The world currently consumes some 84 million barrels of oil a day, which is projected to grow to 120 million barrels by 2025. Peak Oil advocates don't believe that this rate of extraction and consumption can be sustained. Does that make them cultists?
"Proponents of the imminent peak of global oil extraction -- led by Colin Campbell, Jean Laherrere, L.F. Ivanhoe, Richard Duncan, and Kenneth Deffeyes -- resort to deliberately alarmist arguments as they mix incontestable facts with caricatures of complex realities and as they ignore anything that does not fit their preconceived conclusions in order to issue their obituaries of modern civilization".
So begins the opening sentence of Vaclav Smil's equally polemic paper, Peak Oil: A Catastrophist Cult and Complex Realities castigating the "cultists" of peak oil, which I suspect he'd also consider EV World.
The thrust of his argument is that advocates of peak oil, the point at which global demand exceeds global supply, erroneously assume that mankind will not find a way to adapt; and as a result, the world will descend into a destructive spiral of economic and geopolitical crises that could result in a new dark age.
Well, I've read most of the books on peak oil, and attended the most recent ASPO conference in Denver and while many of the experts on peak oil do raise alarm bells because of the speed and trajectory of world oil consumption, which resembles the Titantic plowing full-speed ahead into a dark, ice-berg littered North Atlantic, few of them that I've read or interviewed assume -- with the possible exception of Richard Heinberg -- that we can't alter course.
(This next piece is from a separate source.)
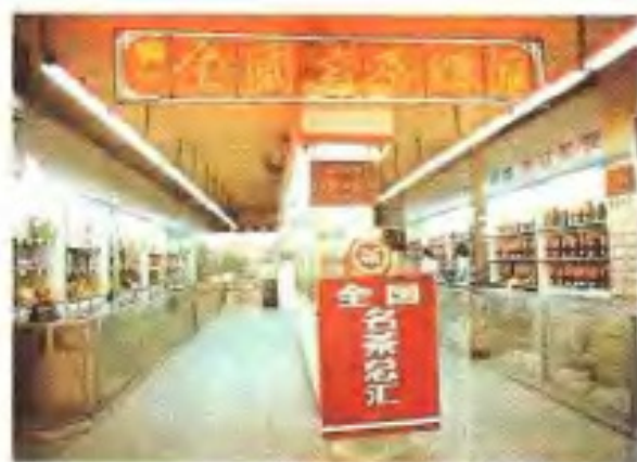
广州全国名茶总汇 (市供销社供稿)

That is, in fact, the object of their concern and purpose behind their warnings. I consider them lookouts aboard a surging, Edwardian-era ocean liner long before the advent of radar, weather satellites and GPS.
I don't think anyone from Campbell to Simmons would argue with Smil's observation that, "even if the world's ultimately recoverable oil resources were known with perfection, the global oil production curve would not be determined without knowing future oil demand. We obviously have no such understanding because that demand will be shaped, as in the past, by unpredictable technical advances."
Matt Simmons recently told the ASPO conference in Denver that he doesn't see peak oil occurring IF the world curbs demand or if what he calls "conceptual reserves", in fact, actually become proven and economically extractable. Both are the great unknowns at the moment for both sides of the debate.
Simmons doesn't know how much oil is left and Smil doesn't know which technology will end our dependence on it.
"Steeply rising oil prices would not lead to unchecked bidding for the remaining oil," the University of Manitoba professor muses, "but would accelerate a shift to other energy sources."
That is, in fact, what is happening from renewable energy to hybrid cars, but it's the pace of change that is of concern here. Yes, gasoline or diesel-electric drives can double a car's fuel efficiency, but can they be built fast enough, in sufficient numbers to make a meaningful contribution in reducing petroleum consumption worldwide, especially since an SUV bought today will still be in service as much as twenty years from now?
Smil happily quotes USGS global oil reserve estimates of 3 trillion barrels of oil, ignoring EIA estimates that sees world petroleum demand increasing from the current 84 mbd to 120 mbd by 2025, while also forecasting that renewable energy will only provide less than five percent of the world's energy needs in the same time frame. The Hirsch report sees unconventional petroleum resources like GTL, biofuels, shale oil and tar sands making only modest contributions to the World's thirst for liquid fuels. Certainly hybrid cars, solar panels, wind farms and "inherently safe ways of nuclear fission" are likely to help some, but will they be enough to close the yawning liquid fuels gap?
Finally, assuming that the productionof liquid fuels can keep up with demand, what does that do to the concentration of carbon dioxide in the atmosphere? The present rate of CO2 injection is alarming. What happens when there are 2 billion cars and trucks on the road by 2025?
Most if not all of them will have to be powered by something other than petroleum and that something is likely to be electricity generated from renewable and perhaps safer fission or hopefully fusion power.
Is mankind likely to adapt to a changing energy world? Certainly, but I doubt it will be painless or without disruption. My guess is that somewhere between the "sect" of free-market optimism espoused by Professor Smil and the "cult" of peak oil pessimism personified by Professor Heinberg, lies the future in motion.